Iced Matcha Recovery Latte for Athletes
Why This Recipe Works for Athletes
Matcha is a uniquely useful post-workout drink for triathletes: it contains L-theanine, an amino acid that promotes calm, focused energy without the jitteriness of regular coffee — exactly what you want when your nervous system is already wound up from a hard swim or run. EGCG (epigallocatechin gallate), matcha’s primary antioxidant, supports muscle recovery and has been shown to reduce exercise-induced inflammation. Combined with protein-rich oat milk and a touch of honey for rapid glycogen replenishment, this iced latte ticks the recovery nutrition boxes during hot summer training.
Ingredients
- 2 tsp ceremonial-grade matcha powder
- 60ml hot water (not boiling — around 70–80°C)
- 250ml oat milk (or dairy milk for higher protein)
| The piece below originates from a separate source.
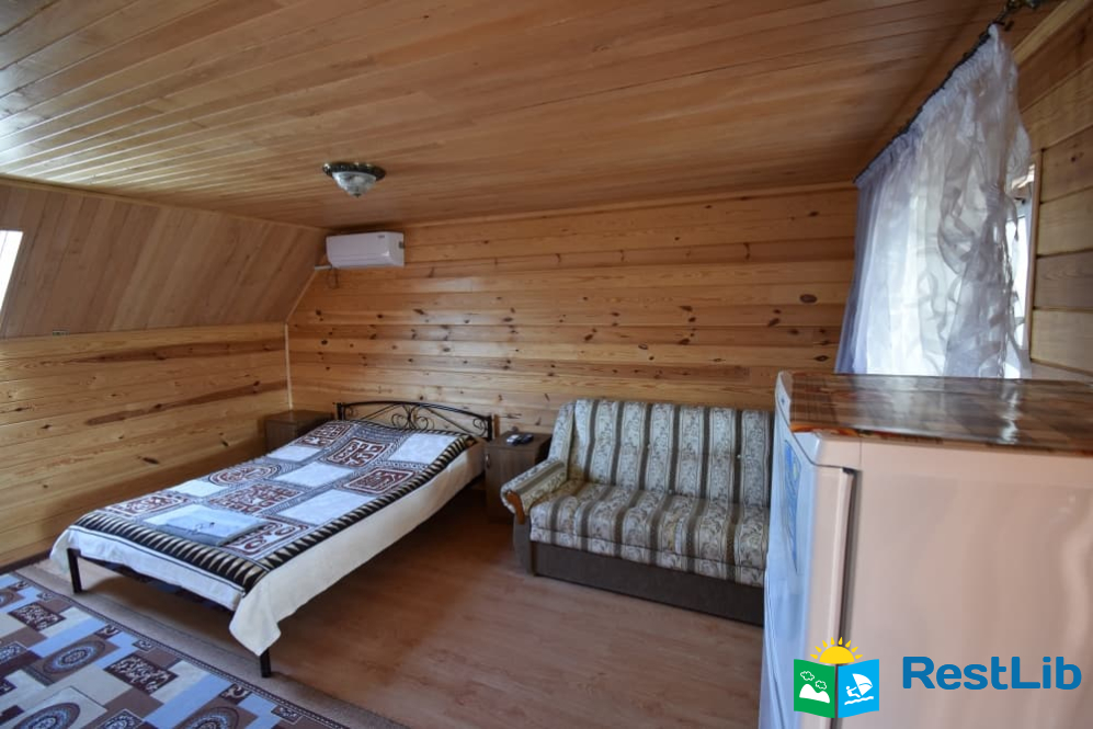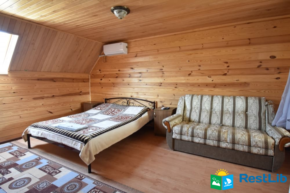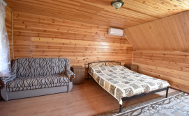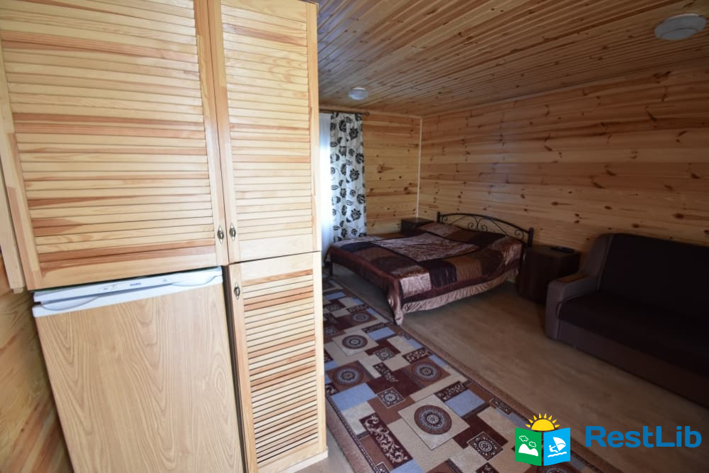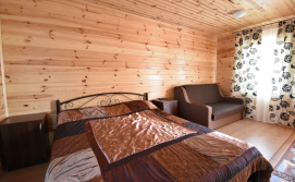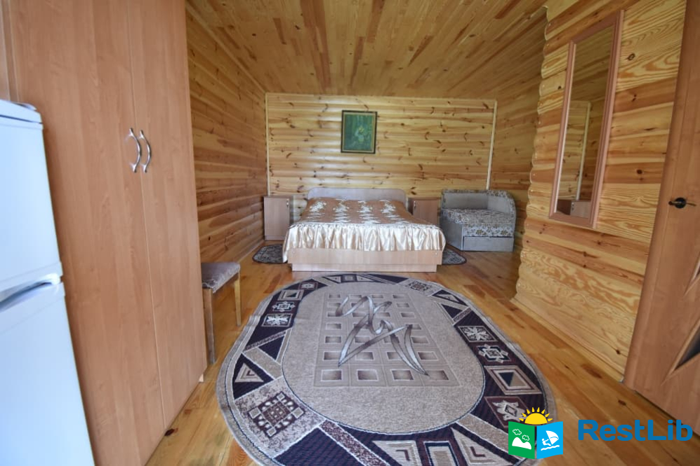 До послуг гостей 2 дерев'яних будиночки й 1 двоповерховий.

- 1 tsp honey or maple syrup
- Generous handful of ice
- Optional: pinch of sea salt (electrolytes) or a scoop of vanilla protein powder
Instructions
- Sift the matcha powder into a small bowl or mug to remove lumps.
- Add 60ml of hot water (70–80°C — avoid boiling water, which makes matcha bitter) and whisk vigorously in a W or M motion until fully dissolved and slightly frothy. A bamboo matcha whisk (chasen) gives the best result; a small electric frother works too.
- Add honey or maple syrup to the matcha mixture and stir to combine.
- Fill a tall glass with ice. Pour cold oat milk over the ice.
- Slowly pour the hot matcha shot over the back of a spoon to create a layered effect, then stir to combine. Drink immediately.
Nutrition Notes
With oat milk: approximately 120 kcal, 3g protein, 20g carbohydrates, 3g fat. Add a scoop of vanilla protein powder to push protein to 20–25g for a more complete post-workout recovery drink. With dairy whole milk: 160 kcal, 9g protein. Best consumed within 30–45 minutes of finishing training, when glycogen replenishment is most efficient. Ceremonial-grade matcha contains around 70mg caffeine per 2-teaspoon serving — less than a double espresso, and balanced by L-theanine for a smoother energy curve.